Sources close to Donald Trump have claimed that he is planning to speak directly with the Venezuelan president, Nicolás Maduro, as the U.S. military’s top officer arrives in the Caribbean.
General Dan Caine’s visit to Puerto Rico comes as tensions between the United States and the South American petrostate skyrocket in the wake of the Trump administration’s bombing of Venezuelan boats allegedly smuggling drugs to North America.
Sources close to the president told Axios that Trump’s desire to meet with Maduro could mean that a possible military action against mainland Venezuela might not be as imminent as once thought.
“Nobody is planning to go in and shoot him or snatch him — at this point. I wouldn’t say never, but that’s not the plan right now,” one source said, referencing conspiracy theories that Trump was planning to assassinate Maduro. “In the meantime, we’re going to blow up boats shipping drugs.
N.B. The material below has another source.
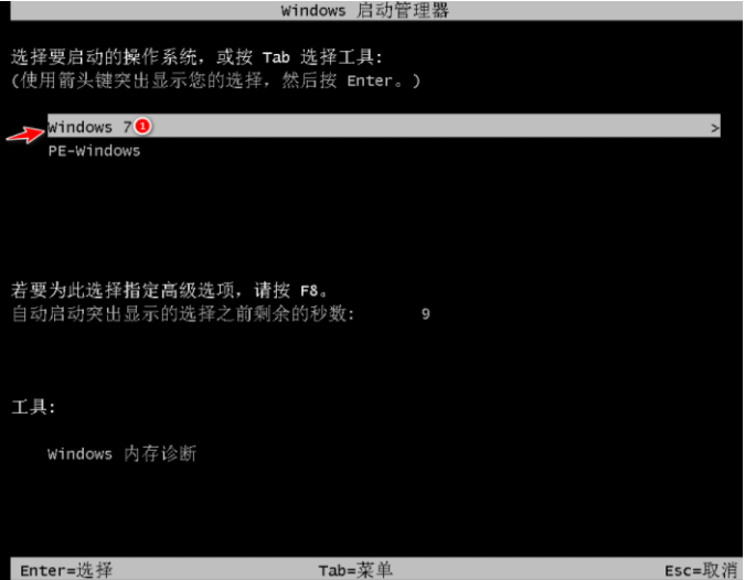 步骤七:在电脑重启之后我们需要按下Win7系统进入。

We’re going to stop the drug trafficking.”
The source added that any conversations between Maduro and Trump remain in the “planning stages.”
The United States has launched 21 missile strikes on boats allegedly carrying drugs into the U.S., in a scheme known as “Operation Southern Spear.” So far, 83 people have been killed in the strikes.
As tensions continue to escalate, 13 Democrats in the Senate have written a letter to Attorney General Pam Bondi and Secretary of War Pete Hegseth demanding to know the “domestic and international legal basis for recent military strikes” on the drug boats.
Democrats have argued that redacted files linked to strikes in Libya in 2011 and Syria in 2018 were released by the DOJ in an effort to justify the necessity of each military operation.
“Few decisions are more consequential for a democracy than the use of lethal force,” the letter read, as the 13 Democrats urged Bondi and Hegseth to “enhance transparency in the use of deadly force by our Nation’s military.”
Meanwhile, General Caine’s office said in a statement, seen by the Associated Press, that the official reason for his visit to Puerto Rico is so the top official can “engage with service members and thank them for their outstanding support to regional missions.”
However, this will be Caine’s second visit to the region since the U.S. started ramping up its military presence in the area. The USS Gerald R. Ford, the largest aircraft carrier in the world, has already been deployed in the Caribbean.
The presence of Caine, who is both the chairman of the Joint Chiefs of Staff and Trump’s chief military adviser, and the unprecedented military buildup in the region have continued to ignite fears about a strike against the sovereign nation.
The United States has piled on a massive amount of pressure onto the Venezuelan government, with one report even claiming that the White House was planning to drop politicized leaflets on Caracas, the nation’s capital.
The leaflets reportedly offered $50 million in return for information that would lead to Maduro’s removal, according to The Washington Post.